What Can Be Recovered Under Sparse Adversarial Corruption? Assumption-Free Theory for Linear Measurements

Halder, Vishal, Reiffers-Masson, Alexandre, Aïssa-El-Bey, Abdeldjalil, Thoppe, Gugan

arXiv.org Artificial Intelligence 

Let $A \in \mathbb{R}^{m \times n}$ be an arbitrary, known matrix and $e$ a $q$-sparse adversarial vector.
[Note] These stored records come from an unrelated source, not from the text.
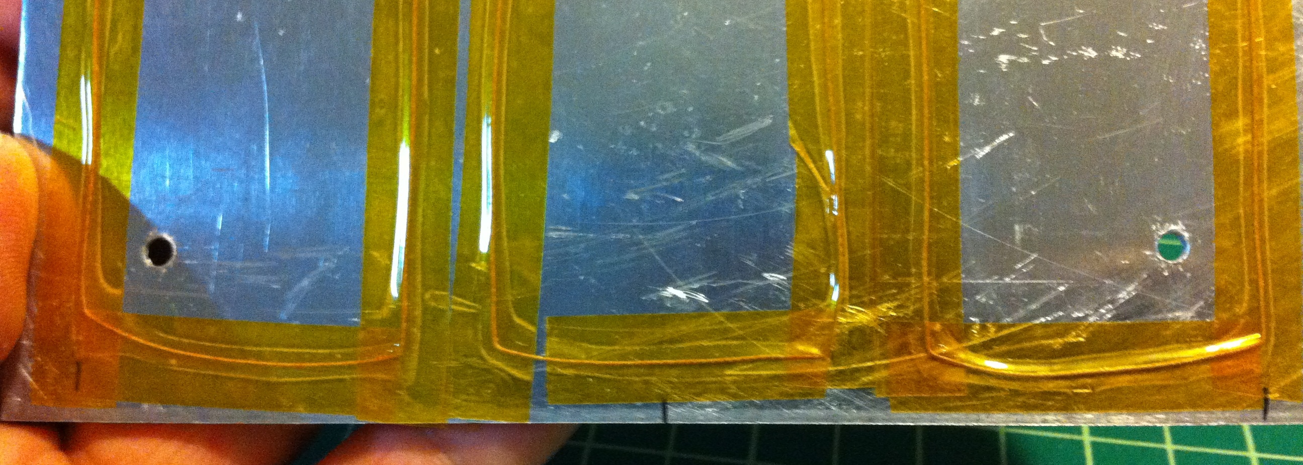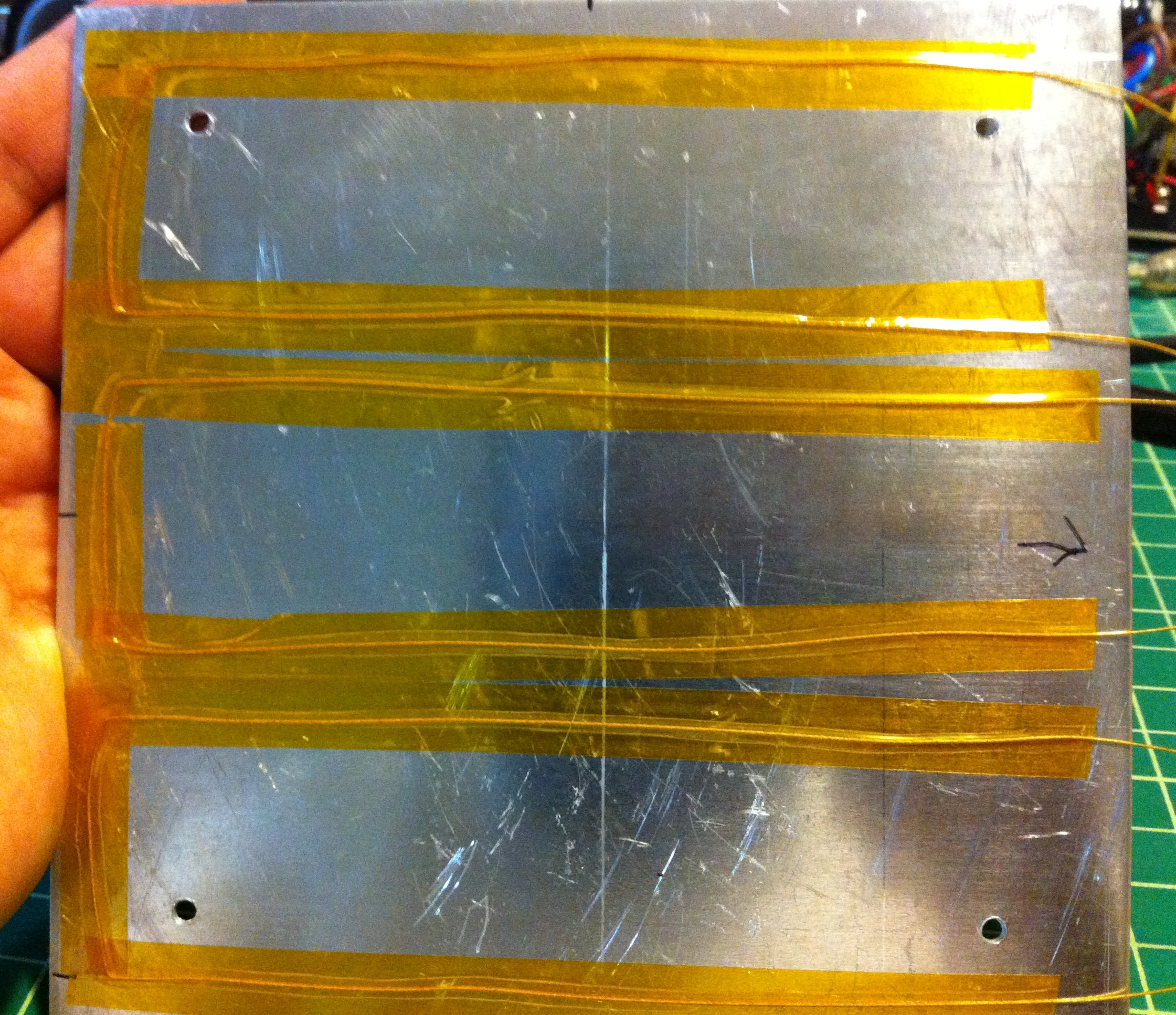 Note: At this point I taped ALL of the sheet with kapton tape, this is optional, but assures me that everything is insulated well - Make a cut out/recess for your thermistor and leads in your 1/8" birch plywood (see picture for details)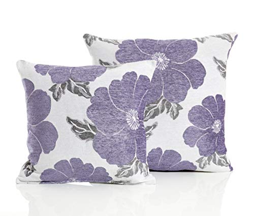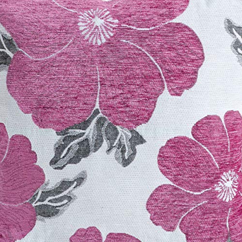 Federa per cuscino in ciniglia, motivo papavero, 45 x 45 cm, colore nero.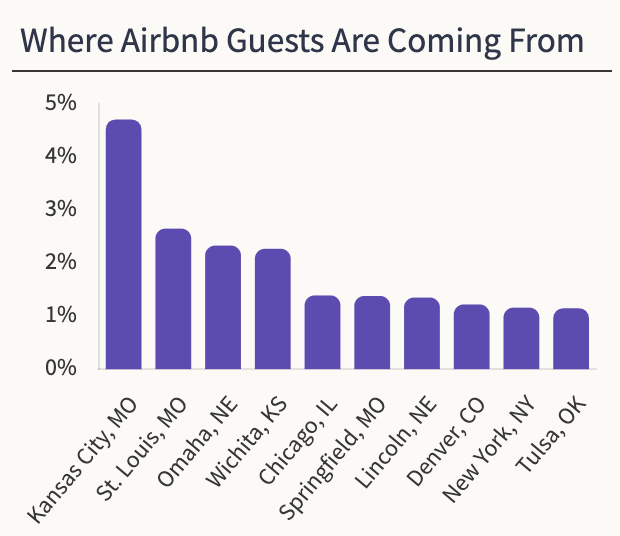 The majority of the guests in Kansas City come from Missouri and are within driving distance. 4.80% of all guests are from Kansas City followed by St.Louis with 2.50%.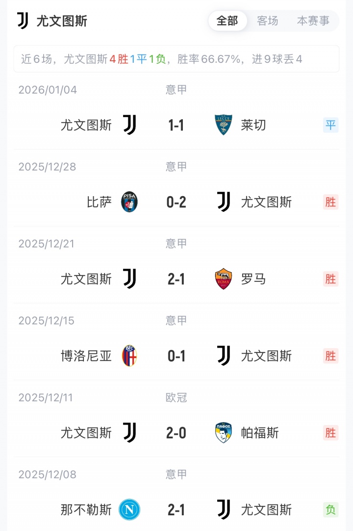 - 2026年01月07日 意甲-尤文3-0客胜萨索洛暂升第4 戴维传射米雷蒂破门卡卢卢造乌龙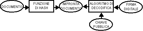 L'operazione di verifica della firma digitale, mostrata schematicamentein Figura 3, viene effettuata ricollocando, con la medesima funzionedi hash usata nella fase di sottoscrizione, il valore dell'improntae controllando che il valore così ottenuto coincida conquello generato per decodifica della firma digitale stessa. Ladisponibilità del valore dell'impronta all'interno delmessaggio semplifica l'operazione.
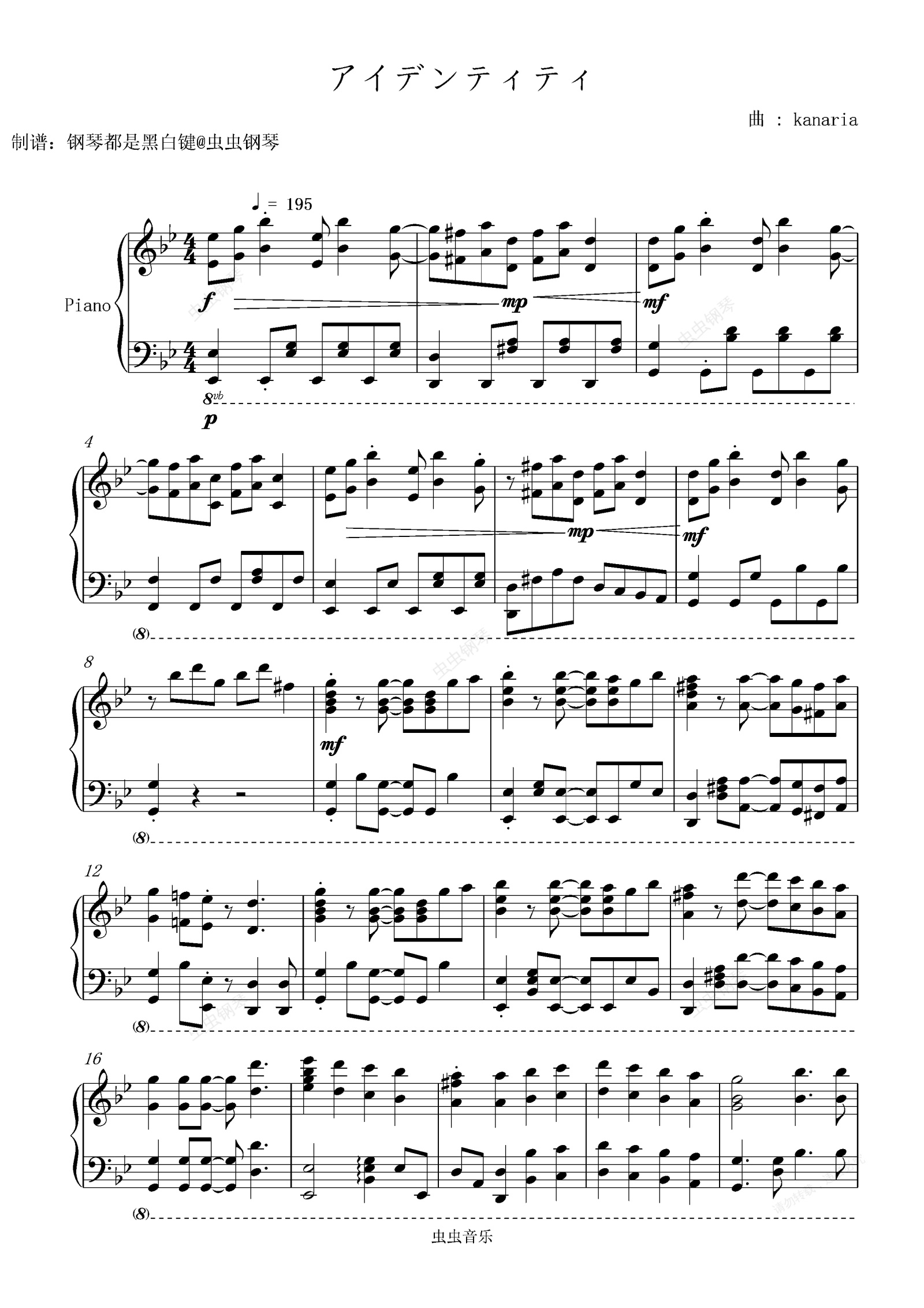 钢琴谱:【初音ミク】アイデンティティ/Identity【日清杯面 × 『世界计划 多彩舞台』联动曲】

Given $y = A x^\star + e$ and $q$, we seek the smallest set containing $x^\star$ -- hence the one conveying maximal information about $x^\star$ -- that is uniformly recoverable from $y$ without knowing $e$. While exact recovery of $x^\star$ via strong (and often impractical) structural assumptions on $A$ or $x^\star$ (e.g., restricted isometry, sparsity) is well studied, recoverability for arbitrary $A$ and $x^\star$ remains open. Our main result shows that the best that one can hope to recover is $x^\star + \ker(U)$, where $U$ is the unique projection matrix onto the intersection of rowspaces of all possible submatrices of $A$ obtained by deleting $2q$ rows. Moreover, we prove that every $x$ that minimizes the $\ell_0$-norm of $y - A x$ lies in $x^\star + \ker(U)$, which then gives a constructive approach to recover this set.